However, in the 1999‐2008 survey, we noted 54 townships with a relatively high HCV prevalence (exceeding 20 per 1,000 donors) clustering in several small geographic areas. From 2009 to 2017, the number of HCV endemic townships decreased from 54 to seven. Finally, despite these seven townships still retaining a higher prevalence, four showed a significant reduction of 47% or more.

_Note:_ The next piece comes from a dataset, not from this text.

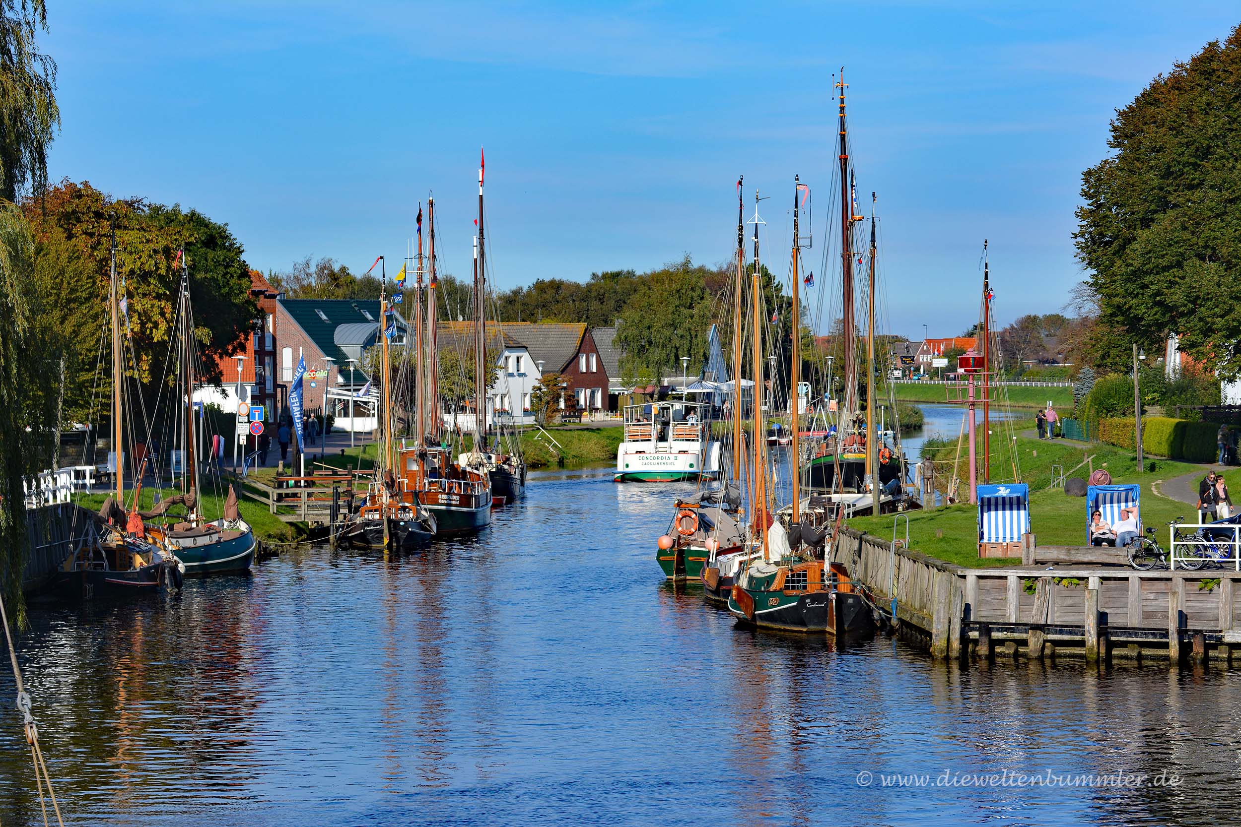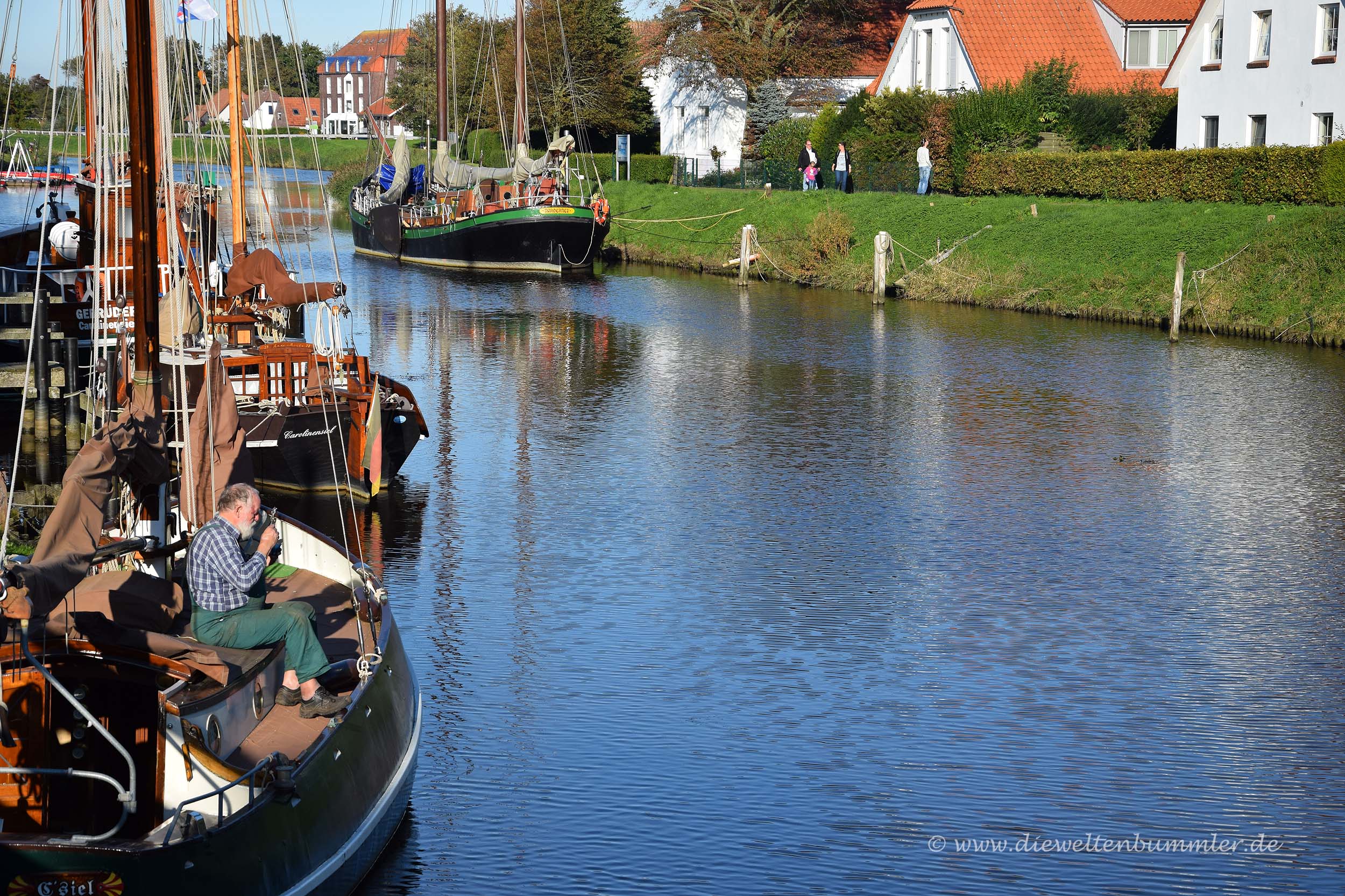 Und natürlich ließen wir es uns auch nicht nehmen, an jedem Tag den gemütlichen Weg am Ufer der Harle bis zum Hafen von Carolinensiel zu gehen. Hierzu muss man sagen, dass schon alleine der Weg über den Deich von Harlesiel nach Neuharlingersiel hin und zurück rund 15 Kilometer lang ist. Kaum wieder zurück am Wohnmobilstellplatz angekommen, gehen wir also dann direkt weiter nach Carolinensiel, womit weitere vier Kilometer dazukommen. Andere Menschen sehen das wohl nicht als Urlaub, wir schon.
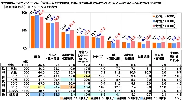 全回答者(2,000名)に、今年のゴールデンウィークに、『夫婦二人だけの時間』を過ごすために旅行に行くとしたら、どのようなところに行きたいと思うか聞いたところ、「温泉」が45.4%で最も多く、次いで、「グルメ・食べ歩き」35.9%、「季節の花・自然巡り」22.6%、「季節のレジャー(潮干狩り・イチゴ狩りなど)」17.4%、「ドライブ」15.6%が続きました。

Anti‐HCV is widely used in population surveys to estimate the prevalence of HCV. However, detection of HCV RNA represents currently active infection and the ability to transmit the virus in a certain population. Township‐specific HCV RNA prevalence between 2013 and 2017 is shown in Fig. 3. Two clusters of townships with higher HCV RNA prevalence were identified near the west coast, one cluster in Miaoli County and another located near the west coast of both Yunlin and Chiayi counties. Nearly 30% of townships in these counties had an HCV RNA prevalence of more than 5 per 1,000 donors. Donors from Miaoli mainly donated blood at sites administered by the Hsinchu blood center, while donors from Yunlin and Chiayi mainly donated blood at sites administered by the Tainan blood center. Therefore, we also saw a higher prevalence of HCV in these blood centers (Table 1).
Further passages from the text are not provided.